Floating Point Unit(s)

Floating-Point Units or FPUs are the names of physical hardware components inside the CPU. They have their own exclusive design meant for handling floating-point arithmetic operations - those operations that deal with numbers expressed in scientific notation or numbers that carry a fractional part.

These FPUs are made to precisely carry out these complex mathematical computations. And once again, Function is key. FPUs are used to execute floating point arithmetic operations accurately during high speed time frames; they carry out this specific task, also the subtraction, multiplication and division of floating point numbers, which are often more complex than standard integer operations done by the 'ALU'.
They also feature support for more mathematical functions like trigonometric or exponential ones that would allow scientific calculations otherwise, impossible on a processor without them.

They work separately from the main part responsible for general calculations. This means they have their own cache registers, sets of instructions, and even out of the book methods to perform program executions. The reason behind this is that.. They deal specifically with numbers containing decimal points using specific algorithms designed for them; These algorithms are there to ensure that all operations involving such numbers are done fast without delay and in large quantities at once.

FPUs are found everywhere in applications demanding spot-on high precision float-point math applications make heavy use of FPUs where exact math is important; scientific simulation programs, engineering computations, real-time systems.. You get my point.

Let’s do a quick reality check - FPUs deliver superior precision along with performance when contrasted against software-based floating point arithmetic implementations. They have come a long way to support more complex computations, a necessary part of today’s CPU architecture. Despite being highly specialized components that most software applications see through a glass darkly, they present themselves as transparent entities. This means that programmers can make use of their capabilities without swimming under the turkish waters of low-level implementation(s).

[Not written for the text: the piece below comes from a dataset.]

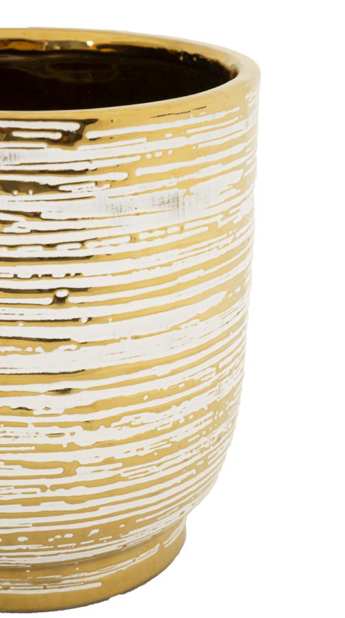 Vasernes unikke, gyldne overflade er smukt dekoreret med elegante dekorationer i guldrelief, som skaber et iøjnefaldende og eksklusivt udtryk. Denne kombination af farver og teksturer tilfører et sofistikeret touch til enhver indretning.
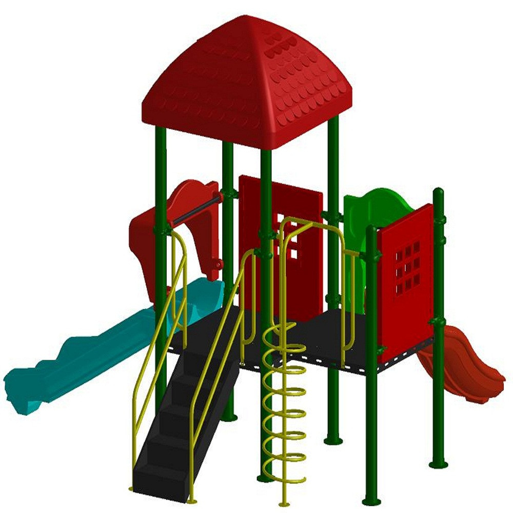 2 khối nhà, 1 mái vuông, 4 cung vách phù điêu, 1 cầu trượt thẳng đơn, 1 CẦU TRƯỢT THẲNG ĐÔI, 1 Bộ thể chất xoắn rột gà, 1 thang leo lên được bố trí hợp lý

Now that you know about it, FSB is a term that refers to the primary communication channel between the CPU and other parts, including RAM, on the motherboard. In older systems you can find two of these, one being the North bridge and located in the left CPU side, the other one is (more like was) South Bridge located just under the PCI-e x-YY port. front side bus

It’s a literal highway within your computer serving as the main ‘conduit’ for data transfer between the CPU and various components on the motherboard, modern system buses are typically based on point to point interconnects allowing for data to go from point A to B in a snap of (17?) nanoseconds!
AND.. This might give you a better idea on how memory size is defined to the driver(s) through a memory bus:

Kernel Topology

Time for some Kernel!!
First, We’ll be taking a look at the Linux Kernel when it’s on Kernel-Level and User-Space memory access.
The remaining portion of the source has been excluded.